Pictures stay out; everything else from the first line of the entries down through the line with "Polo Ralph Lauren" gets copied exactly.

#### Records provided

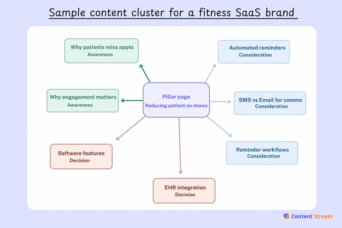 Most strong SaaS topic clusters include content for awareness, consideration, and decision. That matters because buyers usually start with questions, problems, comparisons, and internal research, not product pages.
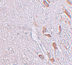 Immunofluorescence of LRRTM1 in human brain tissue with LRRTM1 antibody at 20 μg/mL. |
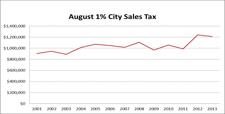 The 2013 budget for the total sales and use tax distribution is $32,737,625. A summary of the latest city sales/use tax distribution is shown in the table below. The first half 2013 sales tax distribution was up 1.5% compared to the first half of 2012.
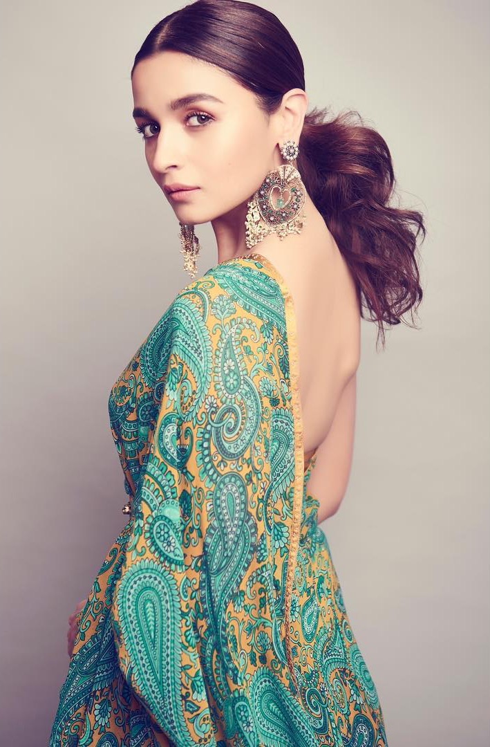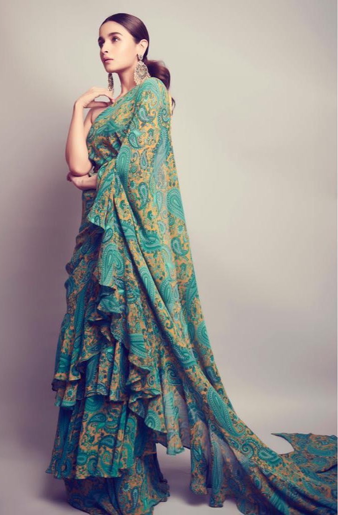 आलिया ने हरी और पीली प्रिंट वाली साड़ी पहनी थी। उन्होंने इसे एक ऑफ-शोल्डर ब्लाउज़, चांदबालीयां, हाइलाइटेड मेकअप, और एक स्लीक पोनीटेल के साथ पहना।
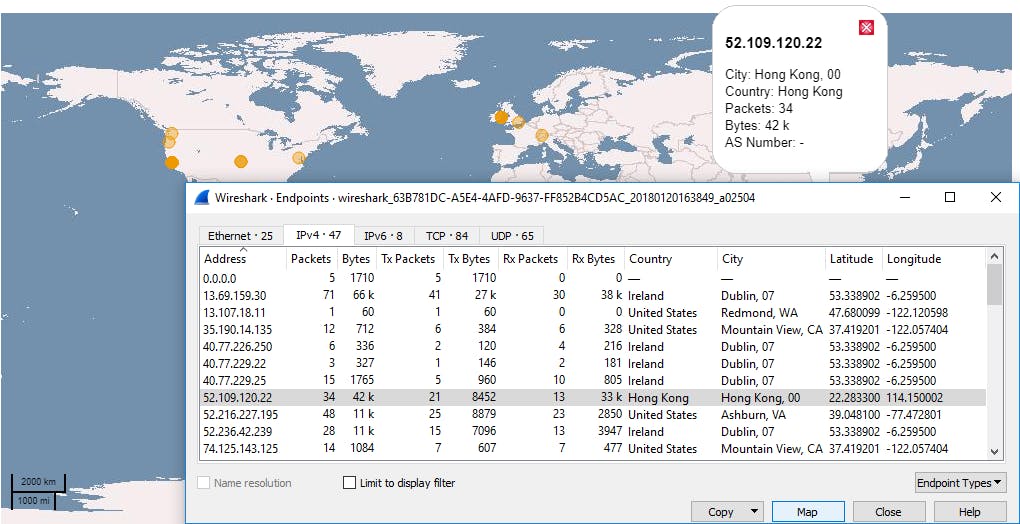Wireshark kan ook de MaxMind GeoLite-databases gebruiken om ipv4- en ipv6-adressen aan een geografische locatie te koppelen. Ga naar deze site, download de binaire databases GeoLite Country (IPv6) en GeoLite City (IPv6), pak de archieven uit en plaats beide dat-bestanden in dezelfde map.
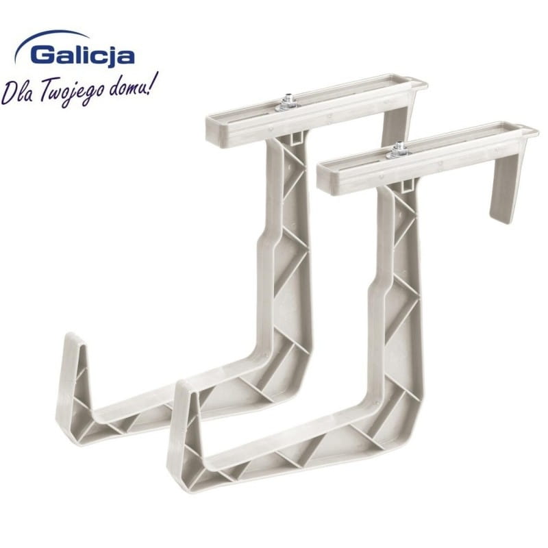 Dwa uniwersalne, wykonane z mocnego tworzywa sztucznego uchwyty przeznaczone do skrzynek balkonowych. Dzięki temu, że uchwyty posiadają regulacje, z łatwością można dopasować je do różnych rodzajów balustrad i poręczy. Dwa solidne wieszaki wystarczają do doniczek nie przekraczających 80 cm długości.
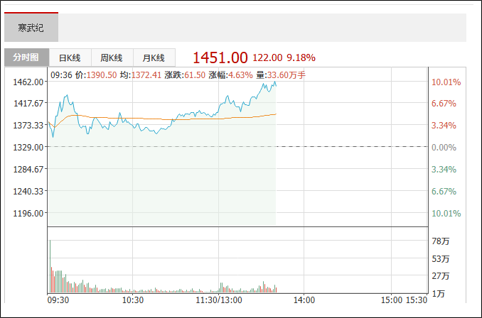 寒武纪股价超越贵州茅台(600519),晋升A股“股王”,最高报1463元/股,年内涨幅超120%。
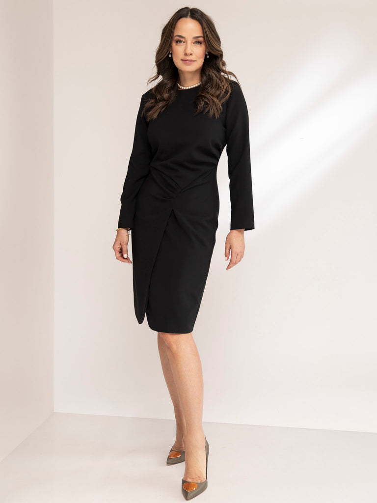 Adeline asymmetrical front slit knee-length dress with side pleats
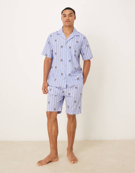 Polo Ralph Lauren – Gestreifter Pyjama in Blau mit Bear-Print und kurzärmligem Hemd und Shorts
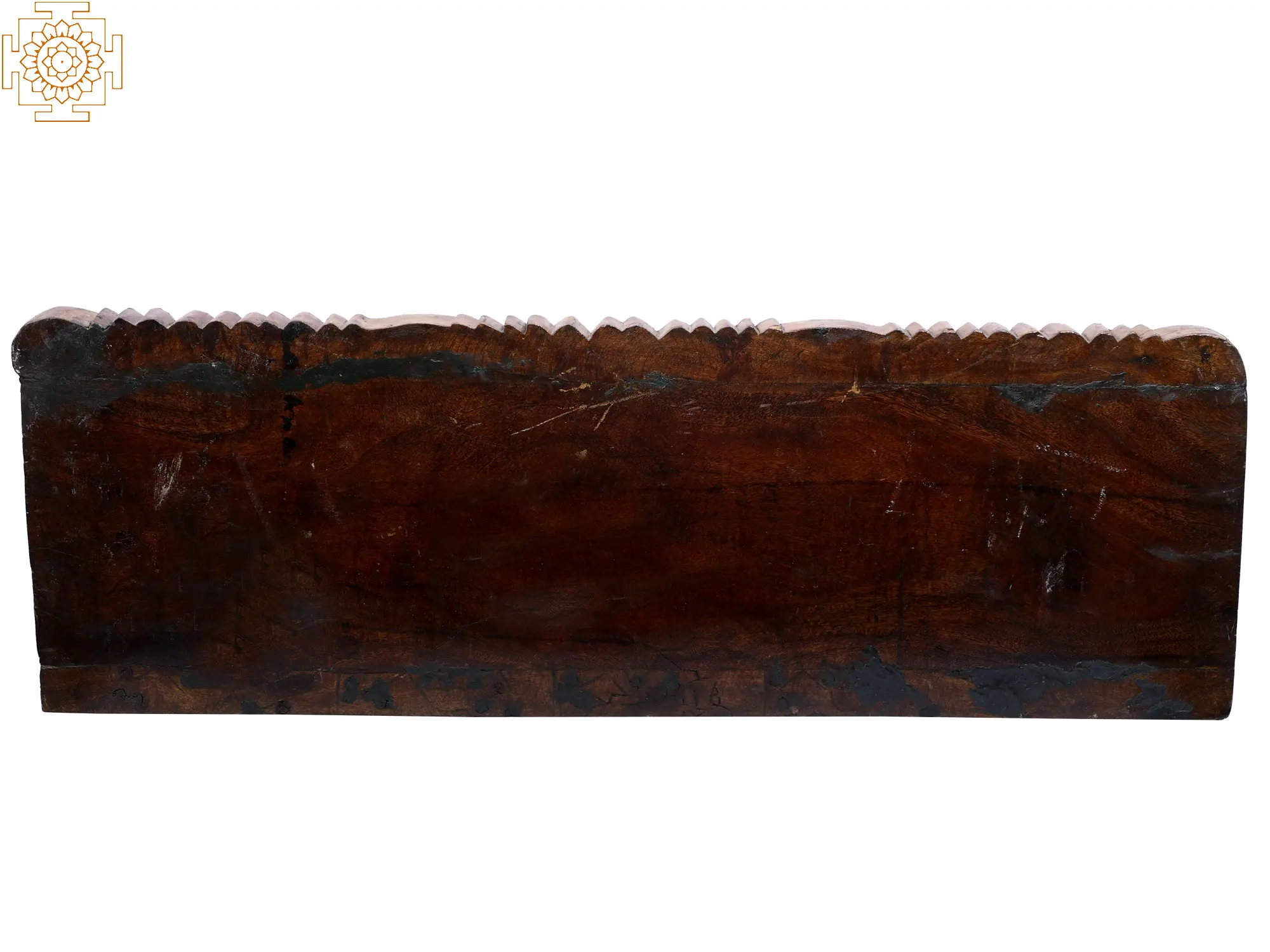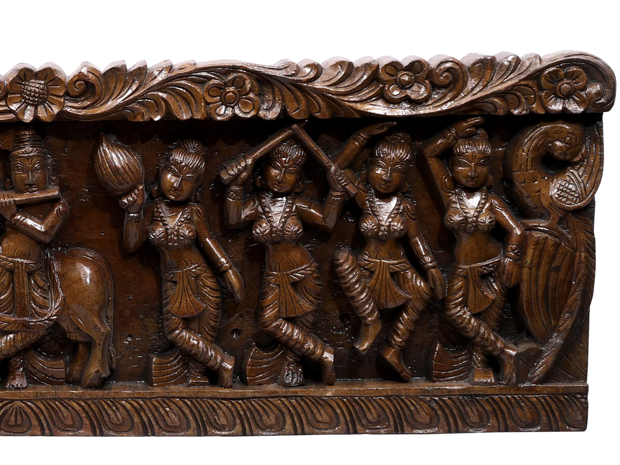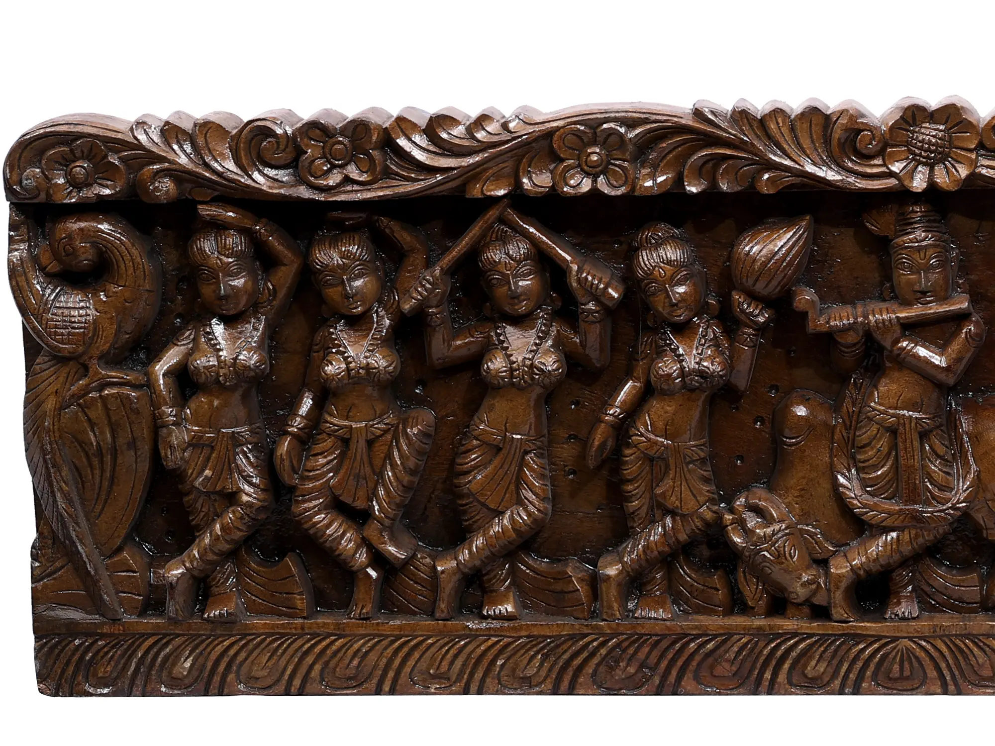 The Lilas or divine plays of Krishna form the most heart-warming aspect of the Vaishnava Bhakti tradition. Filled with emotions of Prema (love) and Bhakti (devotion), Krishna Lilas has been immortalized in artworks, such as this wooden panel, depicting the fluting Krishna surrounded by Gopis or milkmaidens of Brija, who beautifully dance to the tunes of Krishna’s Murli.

########

Problem solution:
 Most strong SaaS topic clusters include content for awareness, consideration, and decision. That matters because buyers usually start with questions, problems, comparisons, and internal research, not product pages.
 Immunofluorescence of LRRTM1 in human brain tissue with LRRTM1 antibody at 20 μg/mL. |
 The 2013 budget for the total sales and use tax distribution is $32,737,625. A summary of the latest city sales/use tax distribution is shown in the table below. The first half 2013 sales tax distribution was up 1.5% compared to the first half of 2012.
 आलिया ने हरी और पीली प्रिंट वाली साड़ी पहनी थी। उन्होंने इसे एक ऑफ-शोल्डर ब्लाउज़, चांदबालीयां, हाइलाइटेड मेकअप, और एक स्लीक पोनीटेल के साथ पहना।
Wireshark kan ook de MaxMind GeoLite-databases gebruiken om ipv4- en ipv6-adressen aan een geografische locatie te koppelen. Ga naar deze site, download de binaire databases GeoLite Country (IPv6) en GeoLite City (IPv6), pak de archieven uit en plaats beide dat-bestanden in dezelfde map.
 Dwa uniwersalne, wykonane z mocnego tworzywa sztucznego uchwyty przeznaczone do skrzynek balkonowych. Dzięki temu, że uchwyty posiadają regulacje, z łatwością można dopasować je do różnych rodzajów balustrad i poręczy. Dwa solidne wieszaki wystarczają do doniczek nie przekraczających 80 cm długości.
 寒武纪股价超越贵州茅台(600519),晋升A股“股王”,最高报1463元/股,年内涨幅超120%。
 Adeline asymmetrical front slit knee-length dress with side pleats
 Polo Ralph Lauren – Gestreifter Pyjama in Blau mit Bear-Print und kurzärmligem Hemd und Shorts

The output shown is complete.